Fig. 373. - Fibroid phthisis. a, cysts in pleura from shrinking of lung; 6, emphysema; e, cyst in interlobular connective tissue. Natural size.
This being the case it may be inferred that the two forms are not absolutely distinguishable. They run into each other, and the caseous form may assume many of the characters of the fibroid, especially when it becomes very chronic or partial recovery takes place.

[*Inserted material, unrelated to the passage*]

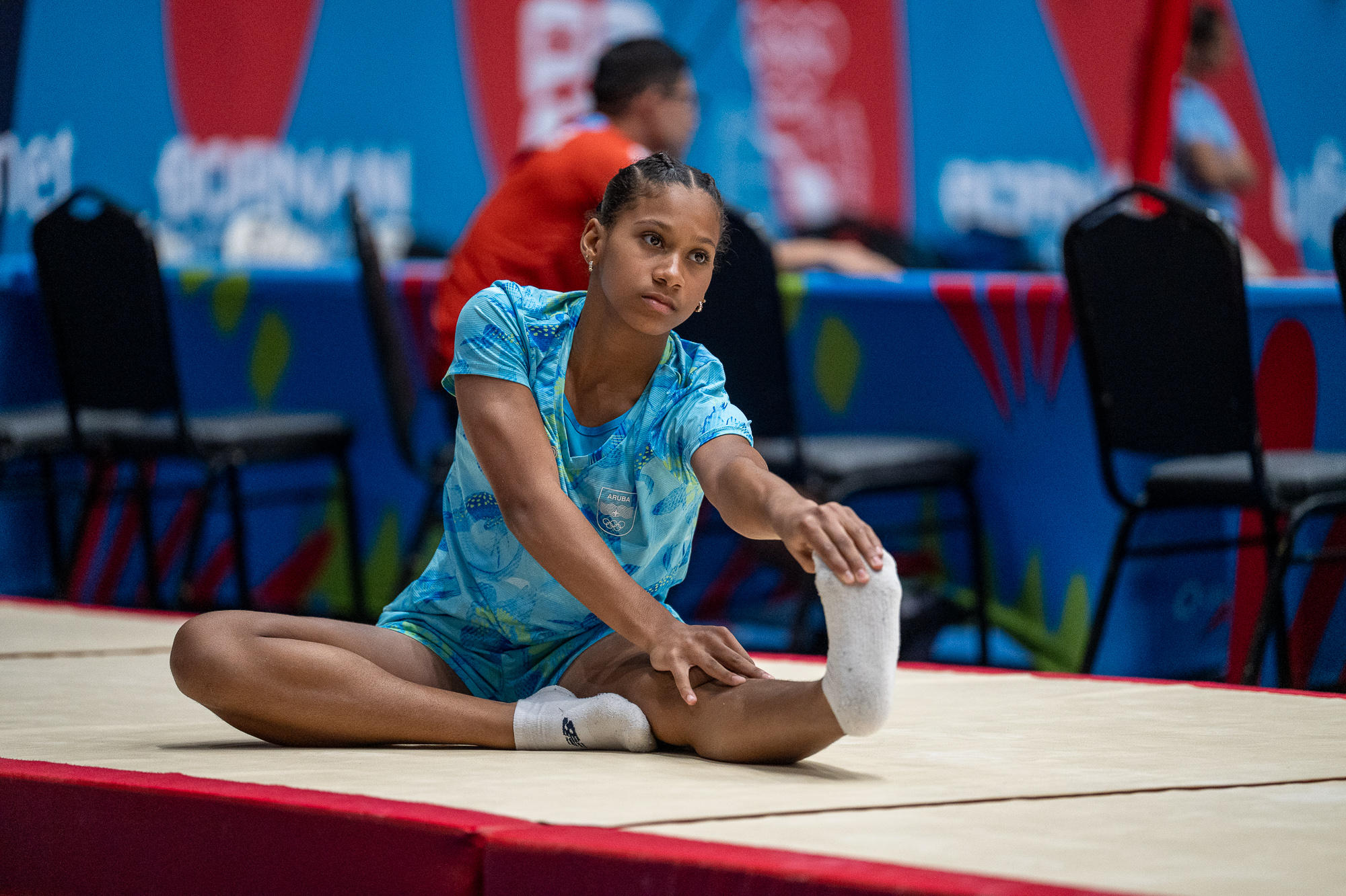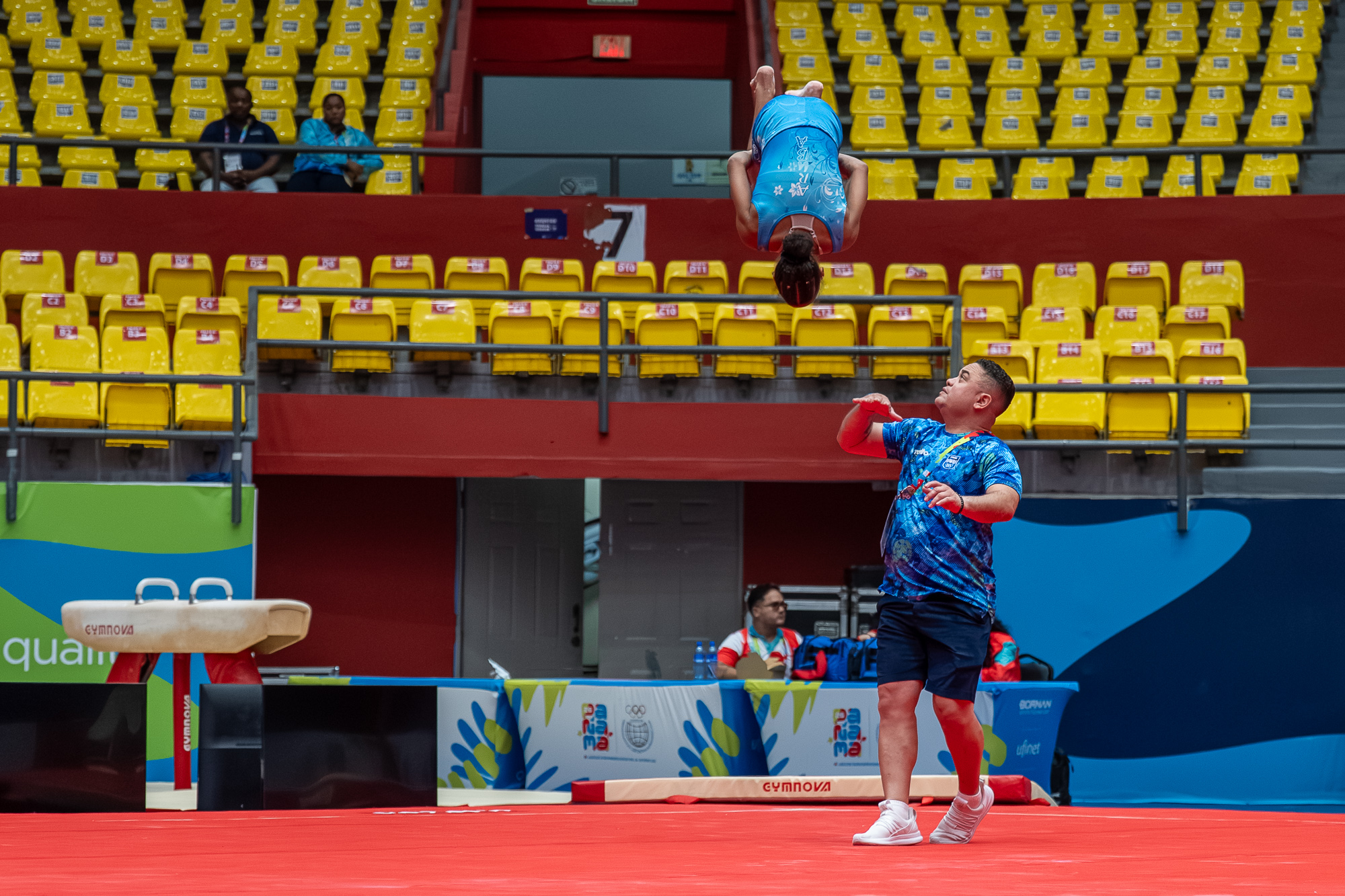Despues di a yega na Panama pa e Weganan Suramericano di Hubentud ayera mainta, atleta di TEAMARU Malaky van Dinter hunto cu entrenador Jimmy Palma a bay “Complejo Deportivo Irving Saladino” pa asina haci nan prome entrenamento di Gimnasia Artistica na Panama2026.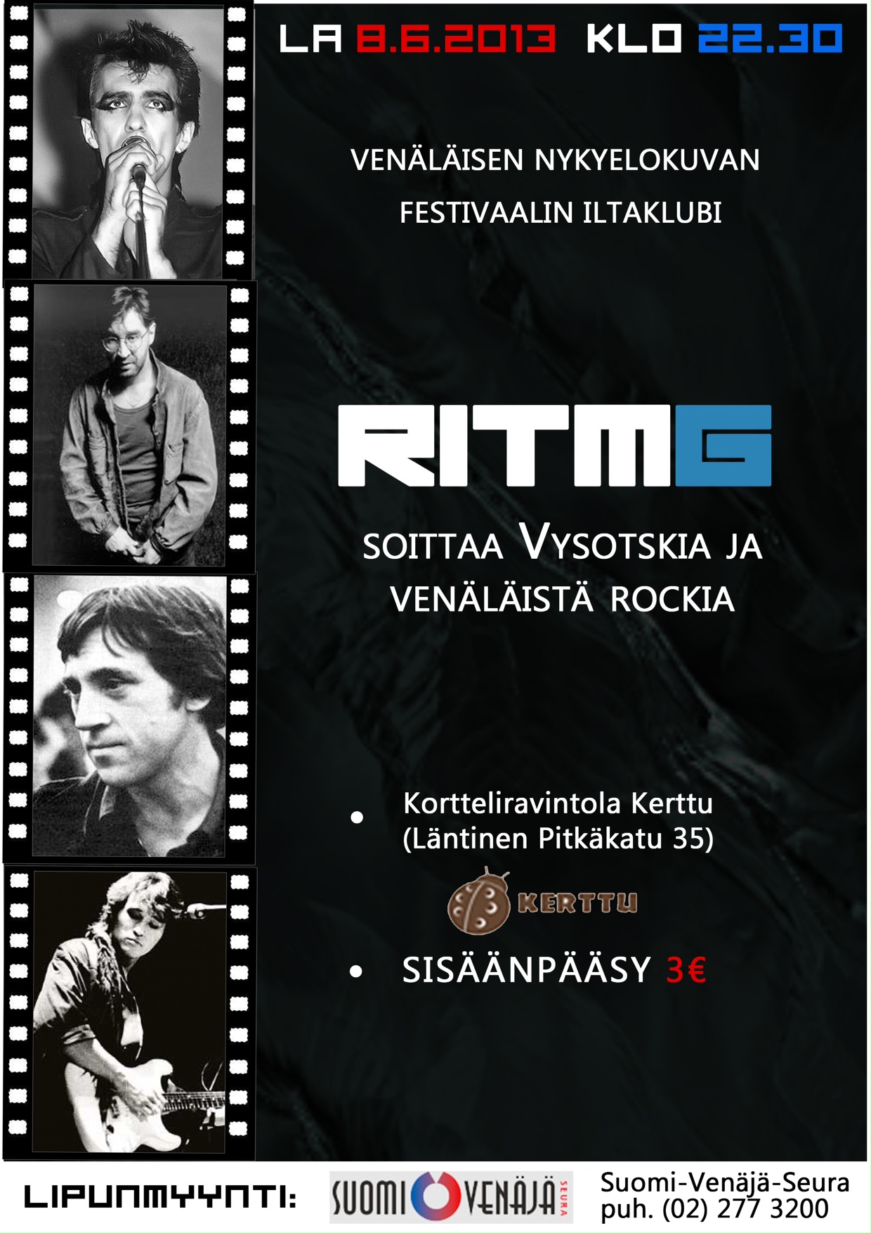 В Турку, 8.6 в честь празднования 60 летия Турку-Питер города-побратимы, будет играть группа Ritm G. Начало: 22.30. Адрес: Kortteliravintola Kerttu. Läntinen pitkäkatu 35. Репертуар - русский рок.

The Sputum in phthisis pulmonalis is variously composed. In the earlier stages the expectoration has the usual characters of that in catarrh, consisting of mucus, with more or less abundant leucocytes. In the sputum in this early stage are often found large epithelioid cells with one or more nuclei, such as we find in the lung alveoli in the catarrhal form of phthisis. These cells frequently present fatty degeneration. The sputum in phthisis often contains Elastic tissue from the breaking down of the lung. In very rapid cases we may find this by a simple examination of the sputum, but the search is often a difficult one, because the thick mucus and pus hold the pieces of lung tissue suspended and isolated. By Fenwick's method of digestion in soda solution, pieces of lung tissue, such as that shown in Fig. 368, will frequently be found in the deposit. This method is also applicable to the sputum in gangrene of the lungs. The Tubercle bacillus is usually to be found in the sputum, and is of great diagnostic value. The appearances are shown in Fig. 127, p. 304, and the method of examining the sputum is described at p. 360.